Slowly though, comprehension has assembled itself among my thoughts. I'm not even going to try to summarize India, I can hardly think of a more idiotic exercise. In fact, I'm going to opt for a complete cop-out, and call this country a moving target. No one alive today, Indian or otherwise, fully understands India, and no one ever will. Think of it in terms of sheer cultural mass and inertia. There are more than a billion Indians today. They live in 28 states, speak an absurd number of languages, belong to myriad religions, eat foods unrecognizable to one another, comprise different socio-economic groups, and so on. On top of it all, all of these sub-cultures, sub-strata, etc. are dynamic, evolving, devolving, rising, falling, exploding, imploding, you get the idea.

In short, no one is ever going to have a f-ing clue what this country is about, and anyone, especially an Indian who professes to get India, is full of sh-t. In my humble (and opinionated) opinion that is.

So why do I like it here so much? It's like a circus.

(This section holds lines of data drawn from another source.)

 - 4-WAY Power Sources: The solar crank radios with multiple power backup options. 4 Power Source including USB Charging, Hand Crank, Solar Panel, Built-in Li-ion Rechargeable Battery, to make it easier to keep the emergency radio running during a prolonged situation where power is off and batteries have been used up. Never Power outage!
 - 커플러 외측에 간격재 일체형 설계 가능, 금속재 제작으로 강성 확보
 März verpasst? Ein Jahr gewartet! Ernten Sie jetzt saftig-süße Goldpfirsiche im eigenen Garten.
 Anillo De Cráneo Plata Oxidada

And therein lies the beauty. And I don't mean it's a circus in the physical sense, because of the poor infrastructure, and the creative adaptations people employ. Visitors describe the traffic, the crowds, etc as circus-like. I'd say that's a skin-deep assessment that might characterize any developing country. For me, India is like a circus because of the fantastically eccentric characters that people this bizarre nation. From my relatives, who firmly believe I won't get in to Mount Sinai medical school "because of the Jews," to my scheming office boy who is constantly inventing new ways of making money of his hapless employer (i.e. me), to the endless retinue of auto drivers, invariably shady fellows with filthy vocabularies, terrifying hygiene, and a sniffer dog-like ability to help me find marijuana. To engage with this cast is to experience India, to understand that you'll never understand, to realize how undeniably exotic the world-view of its citizens might be in relation to your own, and thus, how unrelatable.

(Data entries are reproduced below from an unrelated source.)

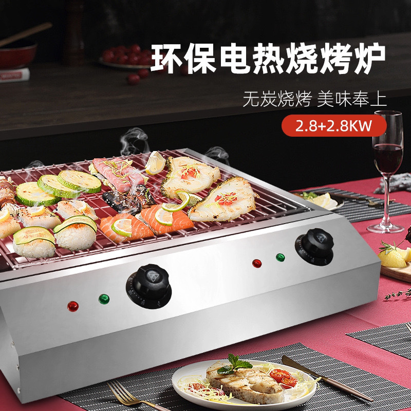 業務用電気無煙バーベキューグリル幅広バーベキューマシン牡蠣ホタテ鶏手羽先ご飯串家庭用恒温大型
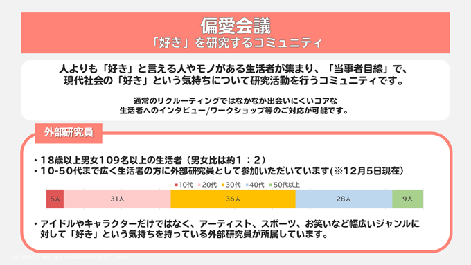 発想技研の研究員と外部研究員(アイドル、音楽、アニメ、キャラクター、スポーツなど様々なジャンルにおいて強い「好き」を持つ生活者)との協働による、推し活などの生活者の強い「好き」にまつわる行動の実態やその背景にある意識についての当事者目線での研究・発信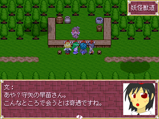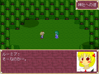 東方星蓮船の体験版、皆さん手に入れました? ろんさんはネタバレスレで堪能してきました(駄 というわけで、キャラについてのネタバレも自分は平気です。 こっちに書くことはないけどな!(ぉ あとは我らの ストーリー見る限りはアリスや既存キャラが出る可能性もありそうですが・・・・・・ というわけで天闘技、第二部は地底編です。 博麗神社に居た紫と萃香に案内され、地底へ潜っていく早苗さん。 地底の入口で釣瓶落としの妖怪キスメに出会いますが、 声を掛ける前にキスメは逃げてしまいましたとさ。 引っ込み思案なキスメかわいい いいワカメスキなキスメカワいい(何 web拍手お返事 >ずいぶんちまっこくて可愛い衣玖さんですねw もうちょっと上手く描ければ良かったなぁ 出来るだけ頭身低目を意識していたりします。 謝辞:いつも補足ありがとうございます ふぁいんどたすくさん PR と、言うわけで星蓮船の早苗さん出演、 改めて祝いの言葉を申し上げます。なんちゃって。 ZUN氏のブログを見る限り、もしかして既存キャラも登場する? なんていう期待も持ってしまっていたり。 アリスと 妖々夢を見る限り、冥界(≒天界)の入口は空の上にあるようだから もしかしたら寄り道も(ry 流石に無いか(´・ω・`) 現在、天闘技はようやく八話のお話を書き終えて 九話に入ろうといったところです。 今のところ、1話/8日くらいのペース?八話が長すぎるだけかも。 web拍手お返事 >あ、あれ・・てんこちゃんが主人公じゃなかったのか!? メイン主人公:てんこちゃん サブ主人公:早苗さん こんな感じです。てんこちゃんがシナリオ中、 とある理由で動けなくなるのでその間は早苗さんが頑張ります。 この二人って結構似た者同士だと思うんですよね。 ぶつかったら意気投合するか全面対決になるかのどちらかだと思います。(そうか? >アリスが倒せないと嘆いていた者です。 >ようやくアリス撃破!思い切って防御力と精神力を上げたら >目に見えてダメージが減りました。ダメージ源は毒w 猫野山は防御&精神ゲーです(ぉ あんまり上げても数値の変動少なくてイマイチ盛り上がりに掛けますが。 二周目のプレイは是非、防御と精神を捨てて攻撃に振ってください。 勝利敗北問わず、決着が10ターンほど早くなりますw >東方Project第12弾の情報が来ましたよー楽しみすぎる、 >しかしいい地Ex出したいものだ・・・永Exクリアできても地ノーマル無理だw しっかり見てきました。情報thxです! やっぱり地はクリア出来ない人居るのかー・・・ そのうちリプでも撮って攻略ページでも(ry >遅ればせながら猫山完成オメ&乙かれー >でもまずはビットキャッシュからか、 >その前に他の東方系yaさばかなきゃだし・・・いっぱいいっぱいだオレorz >ろんさんゲーももう一周するつもりだぜ オメ乙ありですー! ビットキャッシュはお近くのコンビニで。 最近は東方RPGが増えてきてこちらとしても嬉しい限り。 そしてもう一周やってくるのかー。がんばですw >時遡本プレイ中、咲夜&レミリアを倒したところまで。 >紅魔館らしきところでの仕掛けを見て >「滑る床?ドラクエじゃん!!」と思いましたww。 >東方新作楽しみです。 割と愛されるトラップですよね。ドラクエでの初出は4でしたっけ? >早苗さんのボムエフェクトは星型に違いない! 魔理沙のアイデンティティ取らないでやってw まじで!? どうやらマジっぽいです。 東方project第12弾は、東方星蓮船 ~ Undefined Fantastic Object. サブタイの頭文字がどう見ても未確認飛行物体です本当に(ry しかも早苗さんも主人公です。いやっはー!!(落ち着け ・ステータスが漢字表記に。 ・左下にUFOみたいな物体が・・・・・・何だあれw ・最大得点が右側に配置。左下だと見づらかったからねぇ。 ・何か雛っぽいのが居る? ・後姿でも早苗さんかわいいよ早苗さん ・スペルカード復活キタ――――(゚∀゚)――――!! ・今回も星を取ってエクステンドっぽい? ・右側に何か数字の入った球体が・・・・・・って画面上にUFO居るし! ・・・・・・・また要求スペック上がってそうだなぁ(汗 とりあえず早苗さんが主人公で嬉しい。 風キャラで一番好きな子だし(*´ω`) web拍手で情報くれた方に感謝ですー web拍手お返事はとりあえず二日後に 制作ペースが微妙に落ちてる気がするろんさんです。 霊夢から注意するようにと言われていたのに ルーミアと遭遇してしまった早苗さん。 頼りの天子は既に天界に帰ってしまった・・・・・・ がんばれ、早苗さん! たったひとりでも妖怪退治は出来る!(と思う(ぉ web拍手お返事 >ネタバレ注意! 猫野山クリアしましたよ~面白かったです。 >ちょっと気になったのは全体マップの時音楽が変わらないのと、 >破壊の爪入手後は攻撃系スペカがいらなくなる事ですね。 >次回作も楽しみにしてます! プレイありがとうございますー! 命中が半分しかない破壊の爪を使いこなすとはまいったw 全体マップで音楽が変わらないのは特にロマサガを意識したわけでもありません(ぇ しかしイメージとして刷り込ま

To top it all off, if you have a pulse, it is impossible to remain a passive observer here. You can't go through life asleep in India; it'll bite you in the *ss before you make it five steps. Hence, even a disinterested participant is forced to learn.

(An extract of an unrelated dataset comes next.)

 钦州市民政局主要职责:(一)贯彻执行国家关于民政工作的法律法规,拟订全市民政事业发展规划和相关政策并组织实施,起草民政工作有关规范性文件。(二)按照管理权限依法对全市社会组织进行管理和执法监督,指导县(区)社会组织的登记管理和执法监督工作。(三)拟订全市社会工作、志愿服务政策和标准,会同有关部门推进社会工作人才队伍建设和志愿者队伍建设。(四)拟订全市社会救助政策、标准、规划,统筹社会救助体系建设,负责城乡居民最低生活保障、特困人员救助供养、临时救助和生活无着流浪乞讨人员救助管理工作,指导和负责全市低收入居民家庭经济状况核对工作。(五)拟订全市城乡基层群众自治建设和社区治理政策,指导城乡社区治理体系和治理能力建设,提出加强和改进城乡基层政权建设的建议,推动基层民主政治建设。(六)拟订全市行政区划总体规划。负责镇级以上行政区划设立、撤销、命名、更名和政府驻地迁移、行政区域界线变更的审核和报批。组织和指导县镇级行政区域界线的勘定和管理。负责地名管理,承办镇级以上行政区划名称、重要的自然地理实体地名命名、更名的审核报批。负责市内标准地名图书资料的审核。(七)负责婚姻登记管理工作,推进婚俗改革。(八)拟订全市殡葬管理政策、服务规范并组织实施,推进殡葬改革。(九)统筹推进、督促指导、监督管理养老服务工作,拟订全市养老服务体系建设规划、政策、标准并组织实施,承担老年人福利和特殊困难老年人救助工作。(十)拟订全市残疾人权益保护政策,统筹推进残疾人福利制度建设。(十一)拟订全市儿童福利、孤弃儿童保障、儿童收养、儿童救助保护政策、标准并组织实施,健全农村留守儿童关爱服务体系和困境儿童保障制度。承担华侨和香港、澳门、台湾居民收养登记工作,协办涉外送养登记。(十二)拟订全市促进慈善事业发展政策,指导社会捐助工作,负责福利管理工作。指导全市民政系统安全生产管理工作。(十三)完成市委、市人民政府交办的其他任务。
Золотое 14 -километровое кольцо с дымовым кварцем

In the recent few years of my life, I have actively sought out human experience, and people who possess trajectories of existence radically different from mine, sought them out as an entomologist might amass a diverse collection of butterflies. I suppose it's my way of understanding the possibilities of human experience. In this sense, India is a repository of wealth. It is a kaleidoscope of paradigm, in which people with radically different world-views regularly rub shoulders with one another. Though this may be held true of any country, I think the absurd range of differences in outlook characterize that which makes India so strange. And as I approach the completion of a year here, it is a slowly growing comprehension of these outlooks, rendered possible by improvements in my language, and cultural adaptation, that are making my time in India so delightful.

As I gain familiarity with this country, it appears no less strange; indeed, collectively, it appears stranger, and yet its individuals more comprehensible, making for an utterly exotic, yet personable, warm country.

Therein lies the charm.

2 comments:

Lily Walking said...

Amen.

Kib said...

It is only through travels abroad that I have come to comprehend the craziness of my country. To travel, is to reflect on your own culture - and what a culture it is. As weird as it is grand. Some ugly, some breathtakingly ancient and beautiful. Infinite offshoots forever changing and intertwining to form unlimited patters.

Every time I travel to distant lands, I return in awestruck wonder to my own.